In the first account, Oral tradition has it that the Fantse were originally part of the great Ashanti kingdom when it extended as far as to Bono- Manso in the present Brong ahafo region. The people seceded from the union and moved further south from (Bono- Manso-present day Techiman in Brong Ahafo region) in search of fertile land for its growing population, good drinking water and to live in peace. "FANTSE" comes from two Akan words "FA and ATSEW" meaning the half that seceded. It is said that the Fantse undertook great migration down-south under three powerful leaders (warriors) namely OBRUMANKOMA, ODAPAGYAN AND OSONO. Those three leaders were very strong and spiritually fortified. It is said that their names, signifies their might in the air, by land and under the sea. Proverbially and culturally, these leaders were seen as symbol of invincibility by the early Fantse communities.
Those leaders led the people to their present abode and helped organized the community into a very strong one till the coming of the colonial powers and christian missionaries who manipulated and indoctrinated some of the chiefs and local leaders leading to the total collapse of the great Fantse Confederacy in 1885.

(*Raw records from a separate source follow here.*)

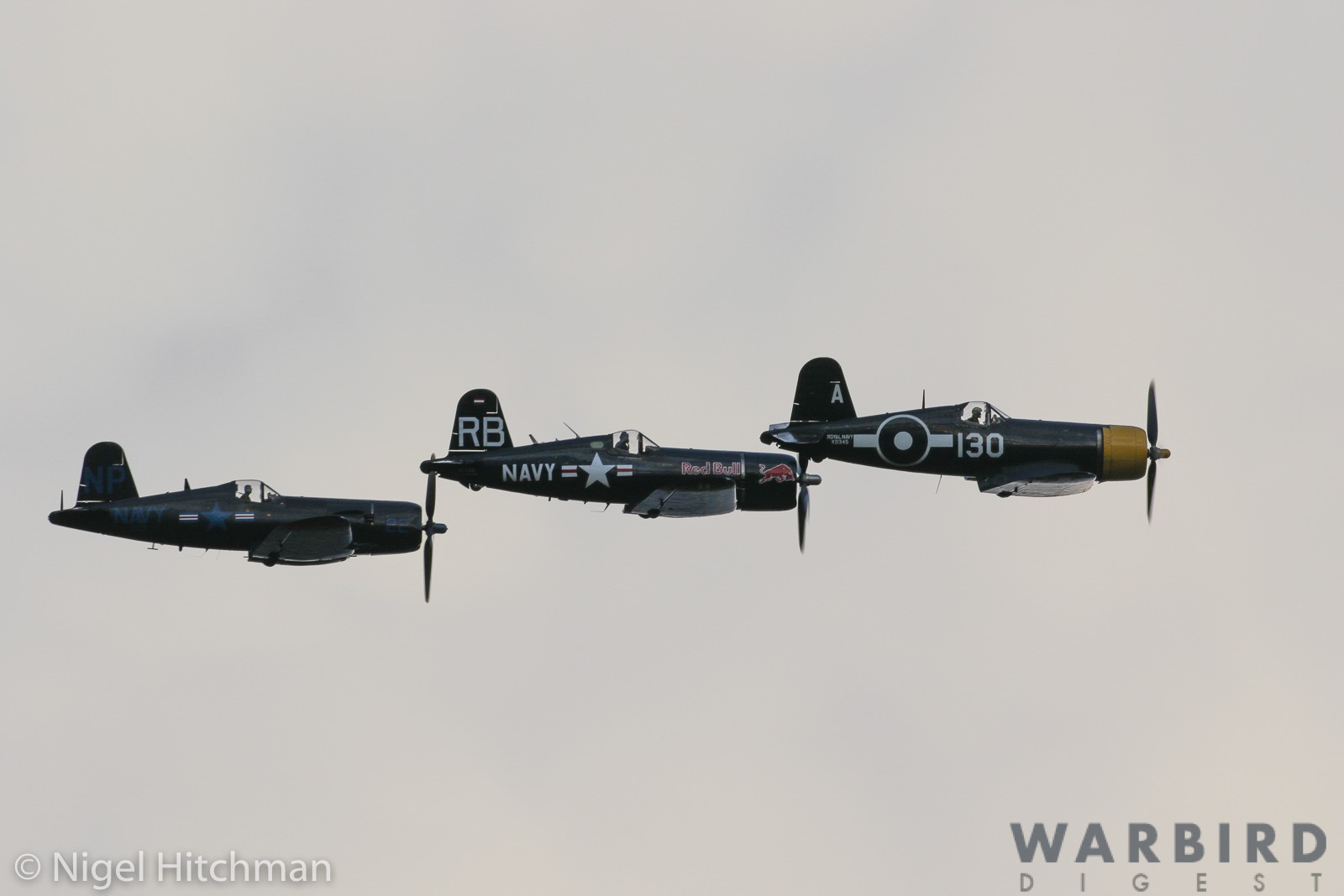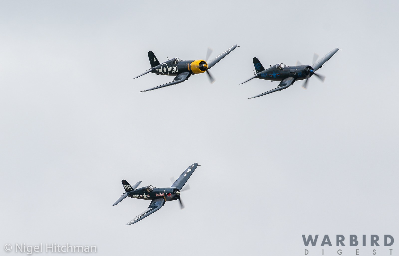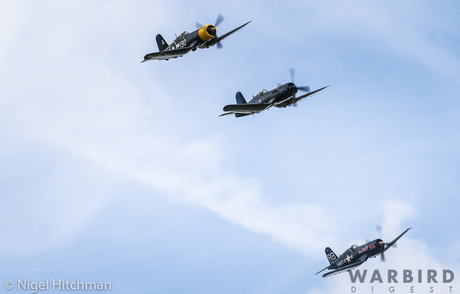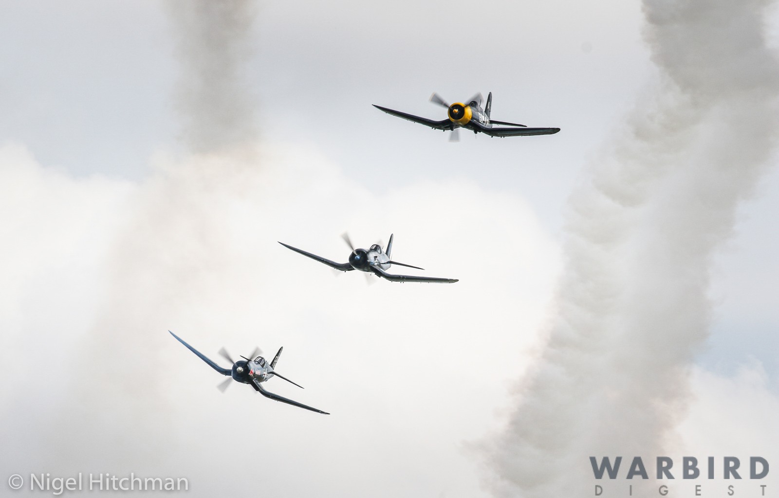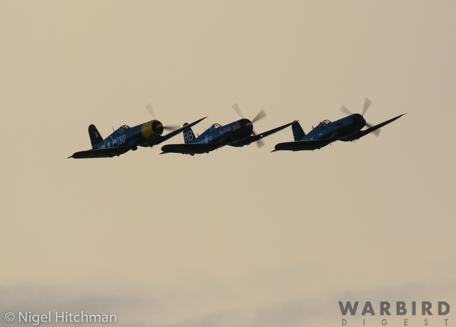 The Corsairs made a brief three-ship formation appearance as they came in to intercept the ‘Zeros’. (photo by Nigel Hitchman)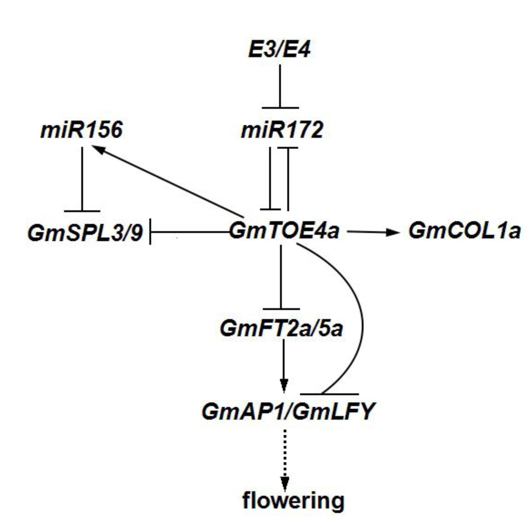 中科院大豆分子设计育种重点实验室成功克隆了 microRNA172 的靶基因 GmTOE4a,功能互补实验表明 GmTOE4a 延迟大豆开花;研究发现GmTOE4a延迟从营养生长到生殖生长期的转换是通过抑制开花相关基因 GmFT2a、GmFT5a、GmAP1、GmLFY 的表达,而促进 GmFT4 和 miR156 的表达实现的。进一步研究发现GmTOE4a 参与的光周期调控大豆开花途径是在生育期基因 E3 和 E4 的作用下,依赖于 GmCOL1a 的表达,并且在转录水平不受 GI 同源基因 E2 的调控。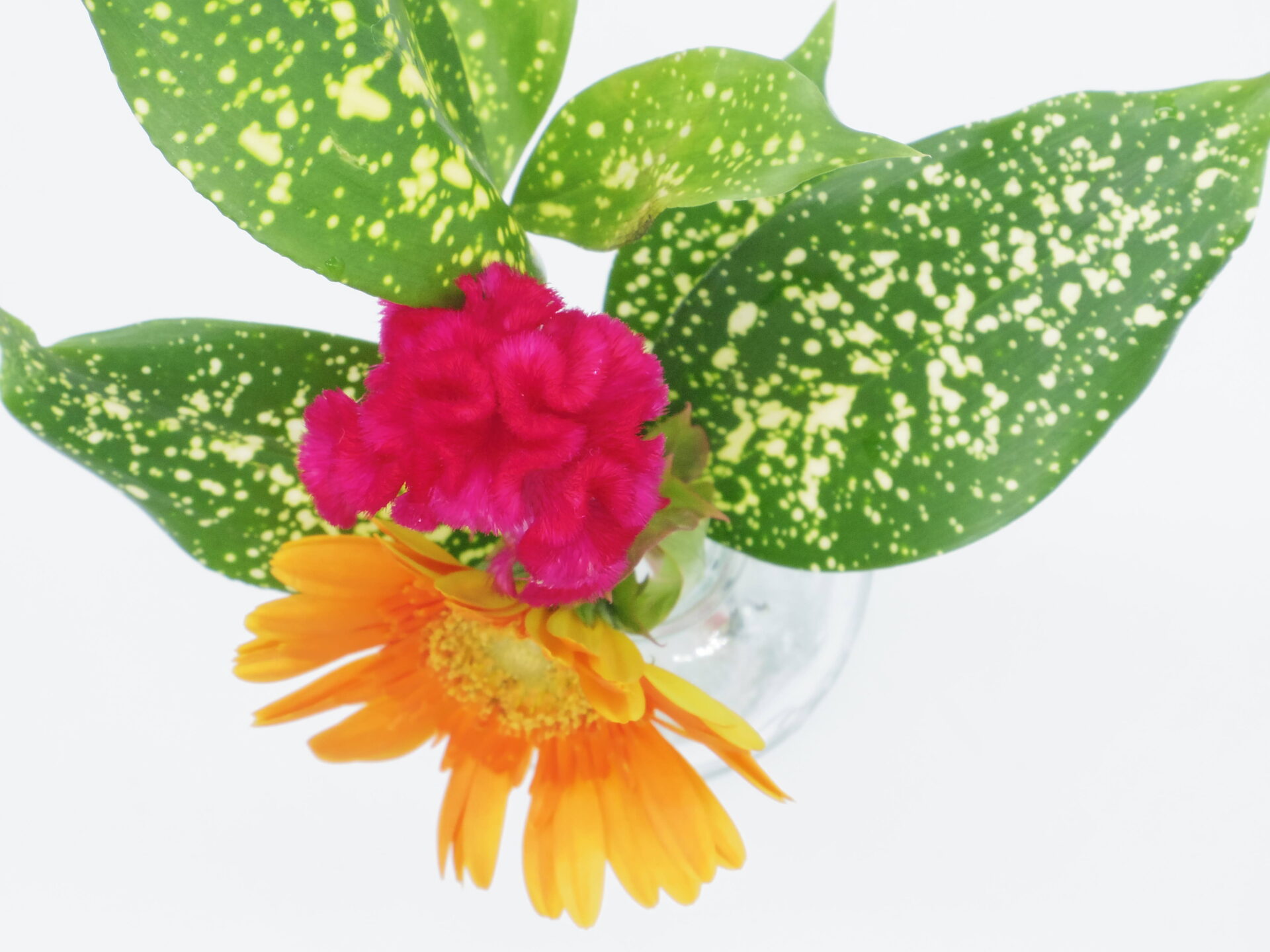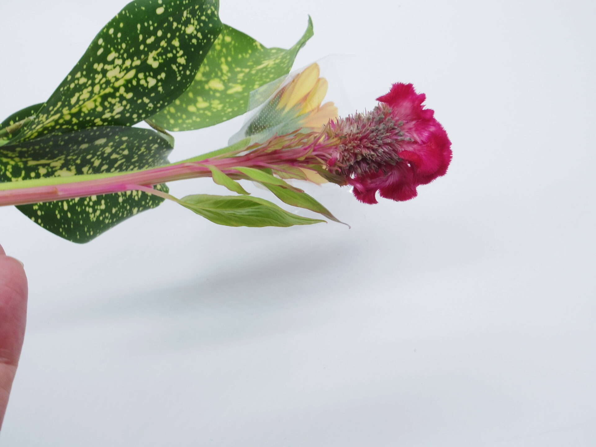 深紅のケイトウは小さめで花が透けている部分があり決して100点とは言いがない。オレンジ色のガーベラーとグリーンのゴットセアラム。値ごろ感は送料なしでの”550円相当”かな? という感じです。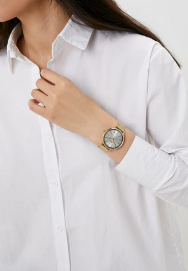 Женские кварцевые часы Slazenger — это элегантный аксессуар с браслетом миланского плетения. Корпус диаметром 38 мм и толщиной 9 мм выполнен из суперметалла с IP-покрытиемIP-покрытиеМетод ионного напыления. Демонстрирует повышенную устойчивость к истиранию, окислению и химическим веществам. Под воздействием высокого давления и температуры около 1500°C молекулы металла надёжно соединяются с частицами корпуса часов.. Циферблат серебристого цвета оформлен индексами и стрелками. Циферблат защищён минеральным стекломМинеральное стеклоМинеральное стекло представляет собой искусственно выращенный минерал кварца. Такое стекло отличается особой устойчивостью к повреждениям и царапинам. Уступает по некоторым качествам сапфировому стеклу.. Механизм — кварцевый калибр Miyota 2035. Часы оснащены браслетом из суперметалла миланского плетения с раскладной застёжкойРаскладная застёжкаТакой тип застёжки используется только на браслетах из металла. Она никогда не раскрывается полностью, происходит разделение на 2 и более частей. Раскладывающая застёжка снизит вероятность потери часов к минимуму.. Водонепроницаемость 30 м позволяет использовать часы в повседневных условиях. Идеальный выбор для тех, кто ценит стиль и качество.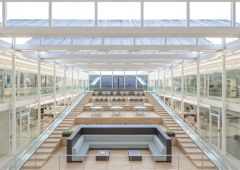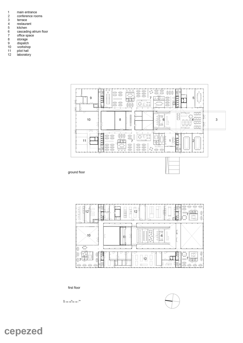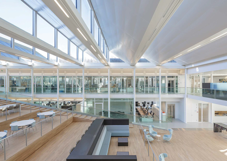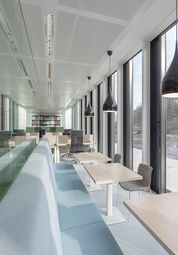 The building structure consists mainly of two generic bays twelve meters deep. These do not have any supporting walls and have a gross story height of four meters. This arrangement allows for every conceivable combination of laboratories, offices and shared functions such as meeting spots, quiet spaces, brainstorming spaces, meeting rooms, project team areas and so on. The bays are interconnected by means of passages and footbridges.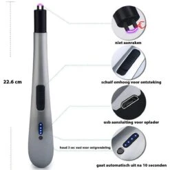 Oplaadbare Lange Elektrische Aansteker – Zilver – Duurzame Plasma Aansteker – Inclusief Cadeauverpakking – BBQ – Kaarsen
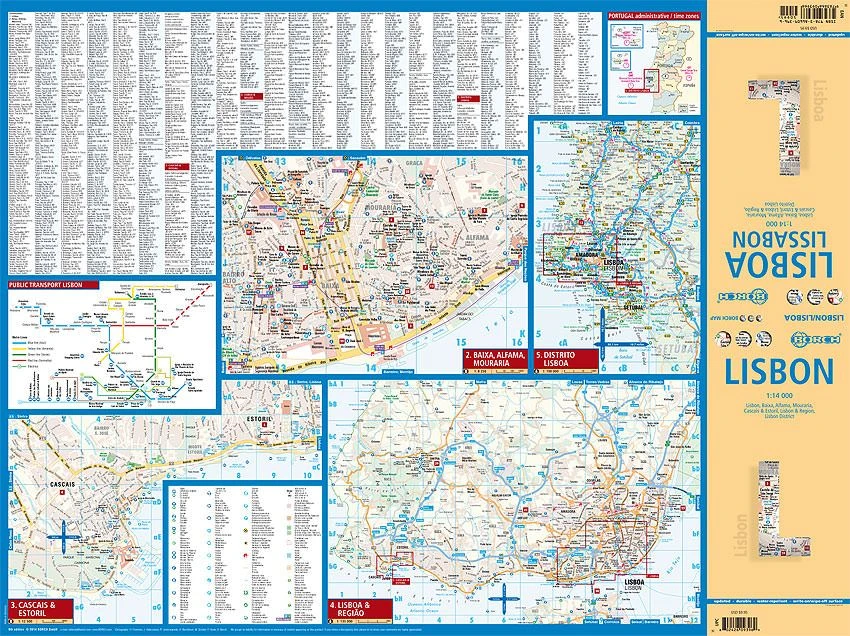 Laminierter Stadtplan von Lissabon mit Umgebungskarte, Karte des Distrikts Lisboa, Vergrößerung der Innenstadt und Cityplan von Cascais und Estoril.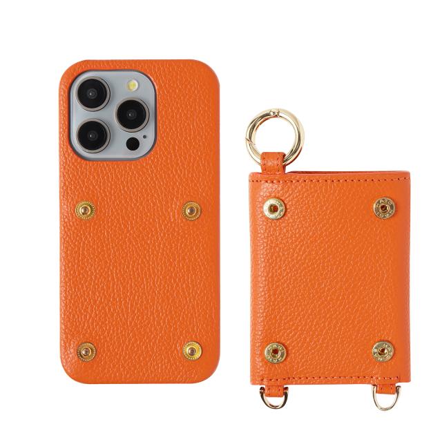 [iPhone15 に相応しい 最高品質のスマホケース] iPhone15 / Plus / Pro / ProMax スマホ ケース 本牛革 レザー カバー 財布付き ケース オレンジ ストラップ付 職人仕立て ハンドメイド メンズ&レディース 個性的 高級 牛革 アクセサリー シンプル エレガント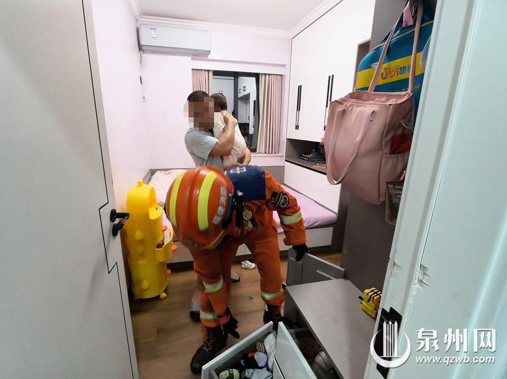 早报讯(融媒体记者林志安 通讯员张伟斌 文/图)4月23日晚9时许,惠安县螺阳镇禹州剑桥学苑小区内,一个不满周岁的幼童独自在房间内玩耍时意外被困,家人多次尝试开门无果后紧急拨打119求助。惠安县世纪大道消防救援站迅速出动赶赴现场,将幼童安全救出。
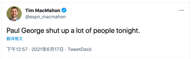 正如美媒蒂姆-麦克马洪在社交媒体上所谈及的那样,乔治在这场比赛中的表现足以让很多人闭嘴: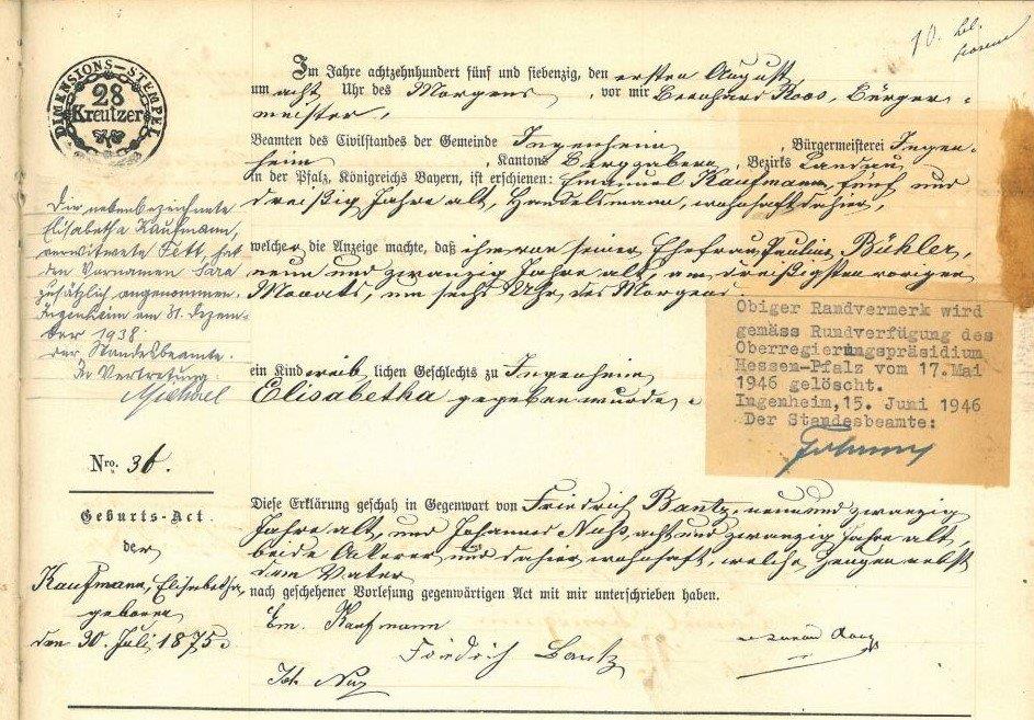 Eltern: Emanuel Kaufmann und Pauline Bühler. Geschwister: Ida (geb. 26. Dezember 1870, gest. 1871, wenige Wochen alt), Nathalie (geb. 09. Dezember 1871, gest. 23. August 1931), Johanna (geb. 14. März 1882, gest. 05. Januar 1942 in Göttingen), Emma (geb. 02. Dezember 1883, gest. 25. April 1955 in Göttingen). Verwitwet. Tochter: Grete Lucaks Fett.

Today, Mankessim has monuments that are a living testimony to their rich history. The Obromu asafo company has a shrine that commemorates the history of Mankessim.
Geographically, there are five suburbs in Mankessim made of original OMAM MU states namely TWAFO, OBROM and ANAFO and two auxiliary suburbs NKUSUKUM (Ebir) and EDUMADZE (Borbor Kunkunfi). Each of these suburbs has with its Asafo Company, a form of military units that served as security organizations during the times of frequent warfare. These companies exist today as emergency groups and provide music and dance for festivals and other occasions: They also act as check and balances on the role of the chief in the community. Asafo music and dancing is performed during the passing away of a member, when a new chief is outdoored,when there is an emergency and during festival times known as AKWAMBO and Ayerye.
Come and celebrate your week end at Mankessim. Long live Mankessim, Long Live Ghana's Democracy.